1. <atom selection> :== <expression>
2. <expression> :== <term> {OR <term>}
3. <term> :== <factor> {AND <factor>}
4. <factor :== ( <expression> ) | NOT <factor> | BYRES <factor> | <element> AROUND <distance>
5. <element> :== SEGID <chain id> | RESID <residues> | RESNAME <residue name> | CHEMICAL <atomic element> | NAME <atom name> | HYDROGEN | ALL | ASSIGNED | ATID <at number> | CURAT | PREVAT | CPA1 | CPA2 | CPA3 | CPA4
6. <residues> :== <number> | <first>:<last>

Some of the elements may need further description:

BYRES <factor>

If <factor> selects an atom from a residue, then the rest of the atoms in that residue will be selected as well.
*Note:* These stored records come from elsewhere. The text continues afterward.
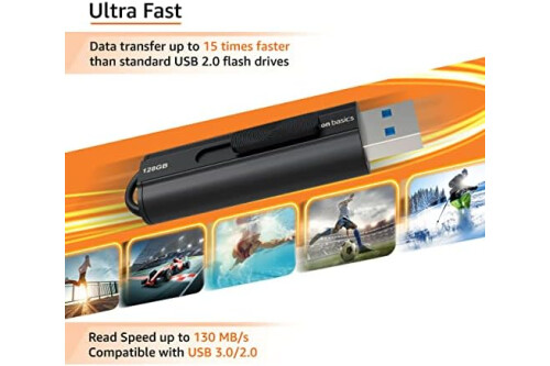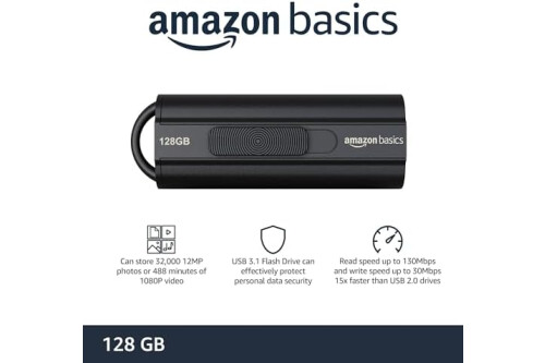 Amazon Basics 128 GB Ultra Fast USB 3.1 Flash Drive, Black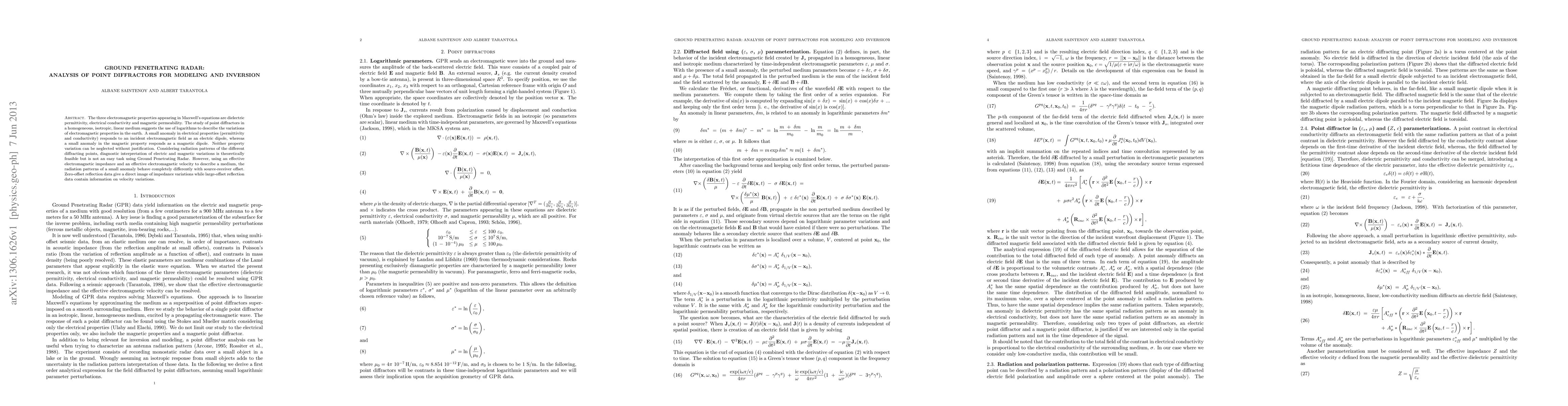 This paper explores the use of point diffractors in modeling and inversion for Ground Penetrating Radar (GPR) analysis. It highlights the importance of electromagnetic properties like dielectric permittivity and electrical conductivity in interpreting GPR data, emphasizing the distinct radiation patterns of electric and magnetic dipoles.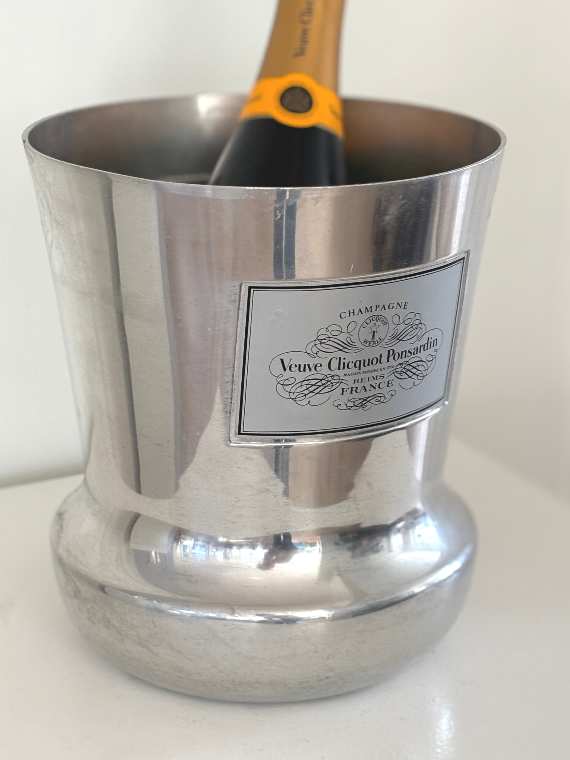 Champagnekoeler van Veuve Clicquot Ponsardin France. Een echte blikvanger met stijlvolle uitstraling. Afmetingen: 21,5 x 19 cm.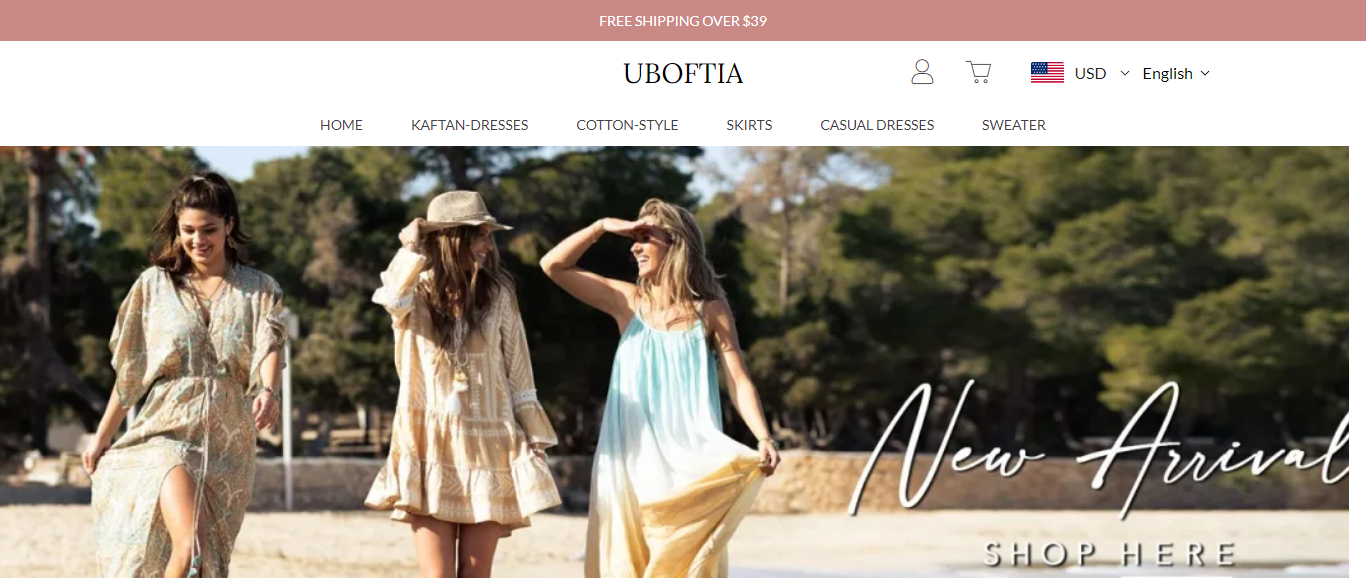 Uboftia located at Uboftia.com is an online store that is selling various products such as skirts, casual dresses, sweater, kaftan dresses, etc. And these products are sold at a suspicious discount rate.

<element> AROUND <distance>

Selects atoms that are within <distance> Å from any atom in <element>.

ASSIGNED

Select assigned atoms

ATID <at number>

Select atom in structure assigned to a specific entry in the Pronto atom catalog.

CURAT

Select atom in structure assigned to the currently selected entry in the Pronto atom catalog.

PREVAT

Select atom in structure assigned to the previously selected entry in the Pronto atom catalog.

CPA1 | CPA2 | CPA3 | CPA4

Select atoms selected in one of the four axes in the active Cross Peak Assigner window.
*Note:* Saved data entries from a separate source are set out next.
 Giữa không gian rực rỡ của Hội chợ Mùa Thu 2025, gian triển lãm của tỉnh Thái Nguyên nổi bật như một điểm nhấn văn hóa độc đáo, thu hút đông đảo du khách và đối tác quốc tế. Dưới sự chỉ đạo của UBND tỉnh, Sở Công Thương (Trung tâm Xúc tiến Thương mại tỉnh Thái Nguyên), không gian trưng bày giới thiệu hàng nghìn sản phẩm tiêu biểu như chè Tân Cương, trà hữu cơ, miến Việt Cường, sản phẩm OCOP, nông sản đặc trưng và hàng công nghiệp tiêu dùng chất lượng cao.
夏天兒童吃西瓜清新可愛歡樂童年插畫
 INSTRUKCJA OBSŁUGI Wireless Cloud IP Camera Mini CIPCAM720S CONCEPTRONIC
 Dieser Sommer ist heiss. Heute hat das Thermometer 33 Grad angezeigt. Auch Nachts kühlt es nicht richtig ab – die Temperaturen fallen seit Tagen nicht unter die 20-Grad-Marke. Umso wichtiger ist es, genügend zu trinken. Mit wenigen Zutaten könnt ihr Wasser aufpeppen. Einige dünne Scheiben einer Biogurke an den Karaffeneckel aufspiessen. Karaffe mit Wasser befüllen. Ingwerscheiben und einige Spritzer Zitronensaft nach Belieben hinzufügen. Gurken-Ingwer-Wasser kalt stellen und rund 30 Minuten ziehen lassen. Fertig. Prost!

Pronto supports the following ways of displaying structures:

• Bond display. A line is drawn between atoms. The bonds can be drawn in a specific color, or if the color is set to white, the bonds will be colored according to the atom type. Line width and line types (solid, dotted, etc.) can be set.
• Sphere display. Each atom is displayed as a sphere. The field: Line width sets the percentage of the Van der Waals radius to display.
• Ribbon. Calculate a smoothed ribbon. See Figure 5.
• Helix. Fit a helix. You should only select residues that actually exist in helix structures for this mode. Included in Figure 6.
• Sheet. Fit a beta-sheet to the atoms. Select only residues in beta sheet structure.
• NOE display. Plot lines between atoms linked by NOE assignments. This could be slow, as it has to go through the whole Pronto data base.
• Text labels. Put a text label on the selected atoms.
• Worm and Fribbon: Other ways of displaying ribbon.

Figure 5: Ribbon display. The result of the setup in Figure 4.

Figure 6: Ribbon and helix. You would have to specify the helix ranges manually!

Figure 7: Ribbon, helix, and spheres. The SEGI selection is used to select the ligand segment for the sphere display.

Figure 8: Bond display. The fastest display type.